Leaving on a G2 plane...

Dolphins off the cargo pier.

Cribbage with Tim!


In reverse order... Note that it's been 65-70 degrees and cloudless-skies this weekend.  The first well-earned good weather since November.

Dana came down tonight for dinner and sunset viewing on the roof.  I was more wiped from today's ride than I thought I would be, so I don't think I was really great company.  But dinner with Dana is always lovely, and it was nice (although I actually felt a bit out of place) to do it here instead of in Fremont.  I think she gave Gaia a dose of speed in the squeaky donut, because the dog had a renewed sense of energy, but has since PTFO'd.
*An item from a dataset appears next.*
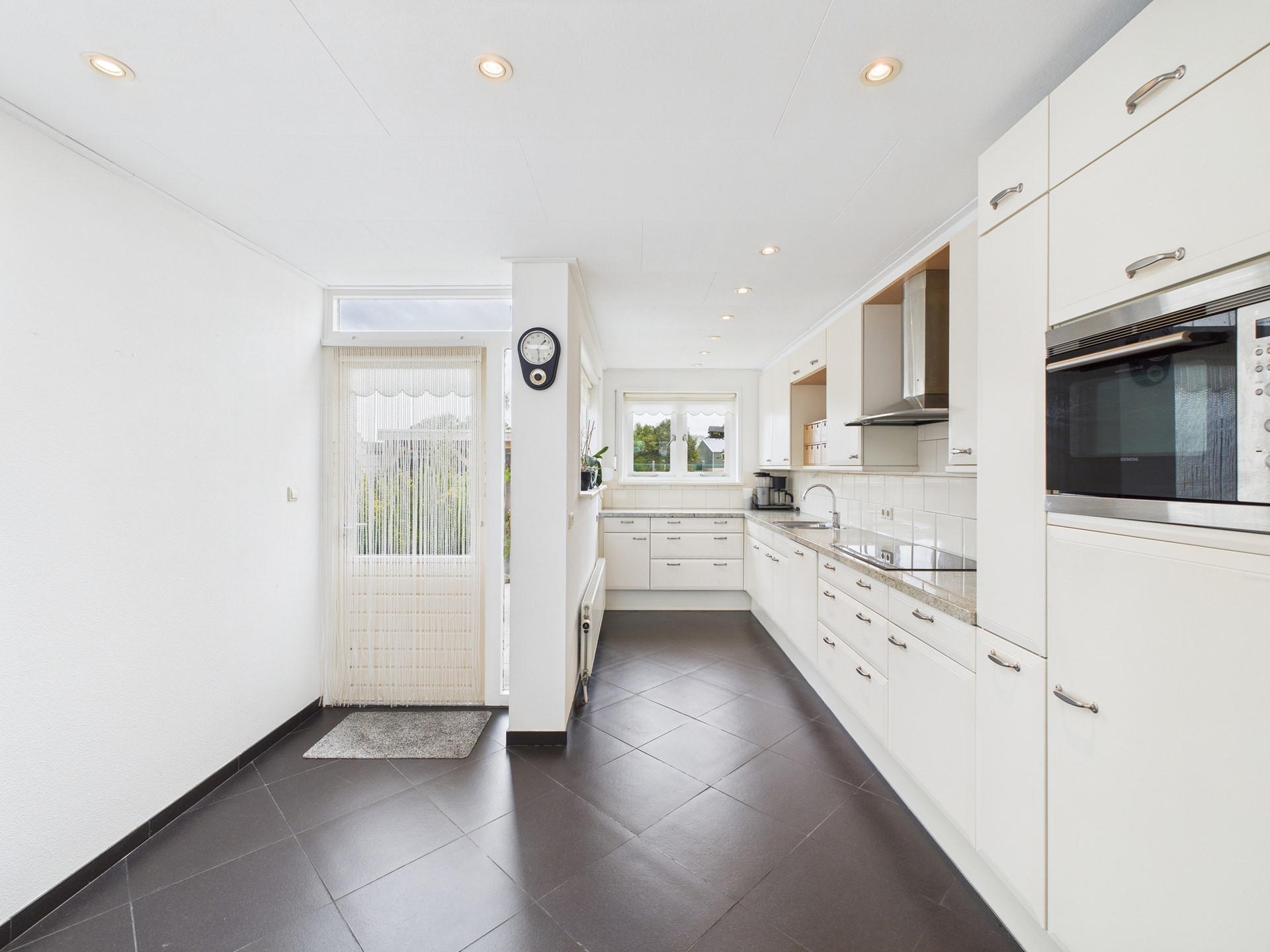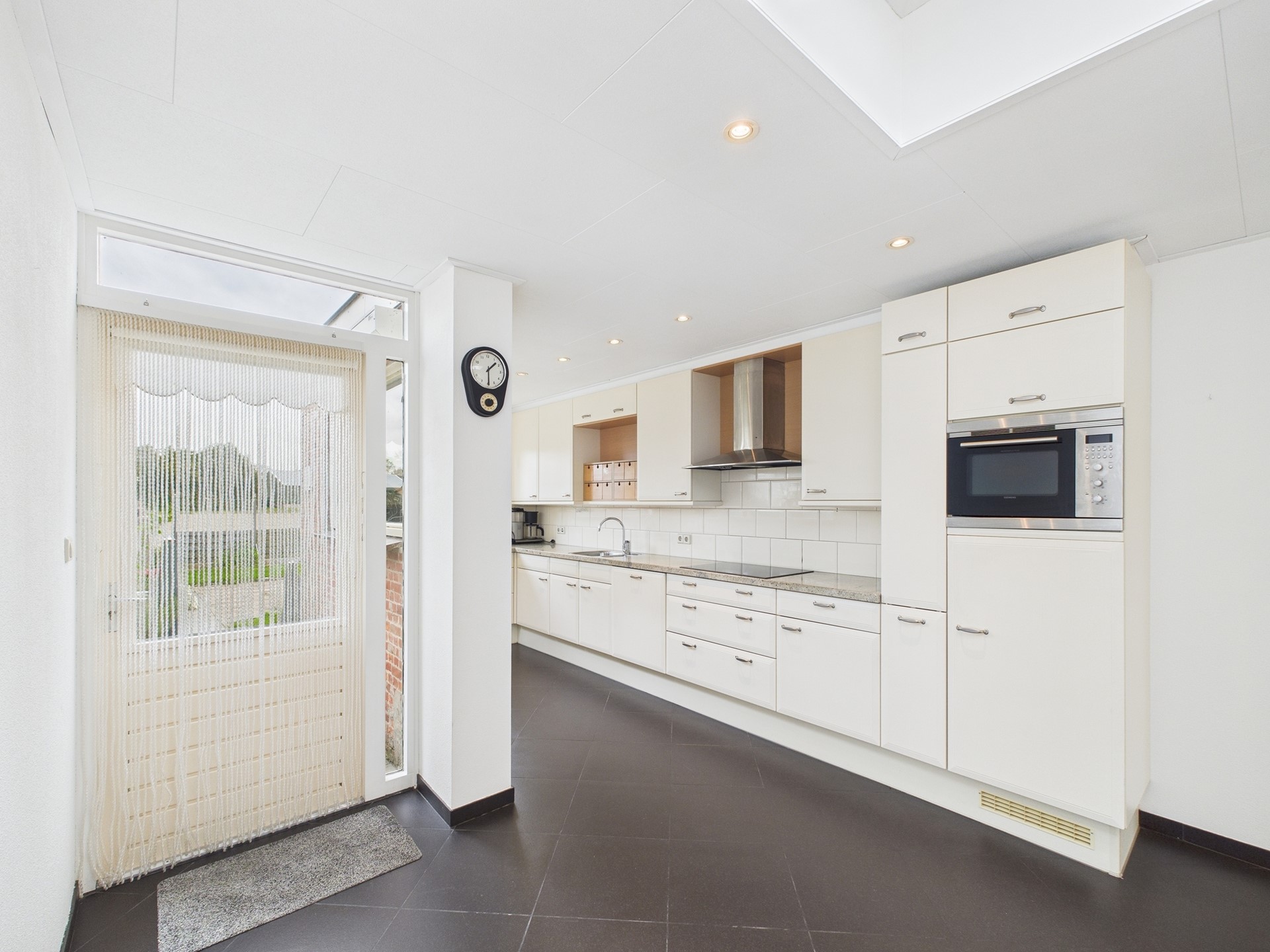 Via de inkomhal betreden we de gezellige woonkamer, afgewerkt met een nette laminaatvloer en gedeeltelijk voorzien van vloerverwarming. Aansluitend bevindt zich de ruime, aangebouwde woonkeuken. Dankzij de lichtkoepel is deze heerlijk licht en de keuken is uitgerust met alle benodigde inbouwapparatuur (waaronder een vernieuwde vaatwasser en kookplaat). Achter de woonkamer bevindt zich de bijkeuken met wasmachineaansluiting, bergruimte en een toiletruimte. Vanuit de bijkeuken is er toegang naar de schuur.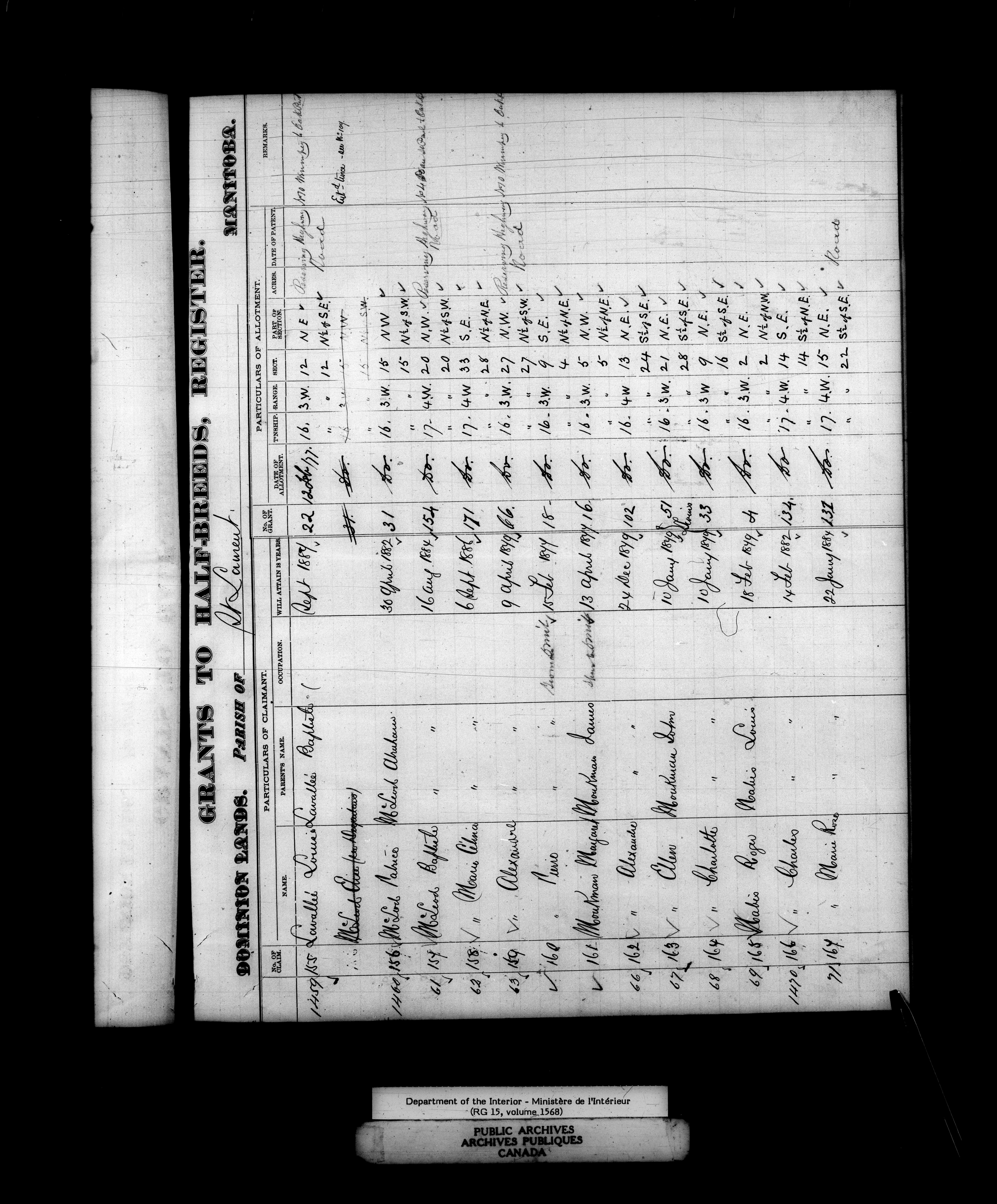 Dominion Lands branch: Manitoba parish registers used to award Métis land grants, 1875-80 - 11886

The rest of today was relaxing and near perfect.  I slept in (much needed) and made it a point to not have plans in the morning.  I had intended on walking Gaia down to Georgetown for a doggie wash, but she was so pooped still that we didn't even make it around the block until this evening.  So I made french toast waffles and coffee, got my belated blog post up, and generally cleaned up around the loft.  Then I loaded Lexi on the Jetta and went in search of a semi-epic ride.  I have yet to remember that when adding three trails at Duthie to the middle of the Grand Ridge out and back that I need snacks.  Lots of them.  I only had a gu today, and even after five pieces of french toast waffles, I was wiped well before reaching the car.  I also crushed my pinky toe between the pedal and some tree roots, and I'm walking a bit like Igor.  To the ibuprofen!  And possibly to the athletic tape!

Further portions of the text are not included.